2018-02-02 22:40:30

by Daniel Reichelt

[permalink] [raw]
Subject: Re: It's back! (Re: [REGRESSION] NFS is creating a hidden port (left over from xs_bind() ))

Hi Trond, Steven,

eversince I switched from Debian Jessie to Stretch last summer, I've
been seeing the very same hidden ports on an NFS server as described in
[1], which is a follow-up to [2].

Your patch ([3], [4]) solved the issue back then. Later on, you changed
that fix again in [5], which lead to the situation we're seeing today.

Reverting 0b0ab51 fixes the issue for me.

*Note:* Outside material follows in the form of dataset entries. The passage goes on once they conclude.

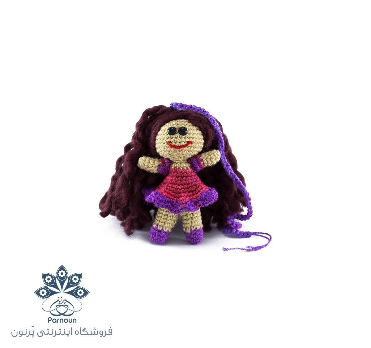 عروسک آویز دار قلاب بافی 9 سانتیمتری جذاب و دوست داشتنی دختر گیسو کمند، بافته شده با بهترین کامواهای ترک
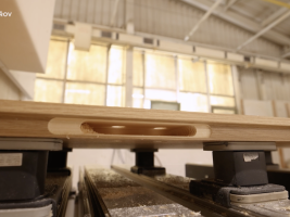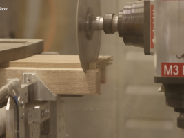 Součástí každých interiérových dveří je samozřejmě i zárubeň. V Rýmařově se vyrábí pomocí moderního CNC zařízení, které v jednom kroku provádí pokosové hrany, drážky pro protiplech a přesné řezy jednotlivých částí.
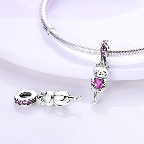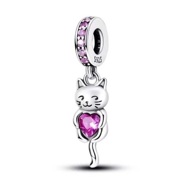 Charm Pandora Gato Gata Corazón Rosa Brillante Fabricado En Plata S925
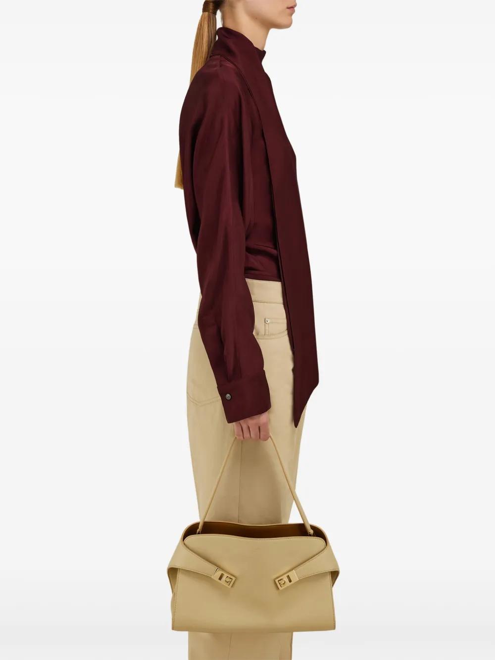 beige calf leather top zip fastening detachable shoulder strap logo stamp to the front Gancini flip-lock fastening gold-tone hardware partitioned compartment internal zip-fastening pocket internal card slots internal logo stamp

Let me know if you need more info.



Thanks
Daniel


[1] https://lkml.org/lkml/2016/6/30/341
[2] https://lkml.org/lkml/2015/6/11/803
[3] https://lkml.org/lkml/2015/6/19/759
[4] 4876cc779ff525b9c2376d8076edf47815e71f2c
[5] 4b0ab51db32eba0f48b7618254742f143364a28d


Attachments:
signature.asc (883.00 B)
OpenPGP digital signature

2018-02-06 00:25:31

by Trond Myklebust

[permalink] [raw]
Subject: Re: It's back! (Re: [REGRESSION] NFS is creating a hidden port (left over from xs_bind() ))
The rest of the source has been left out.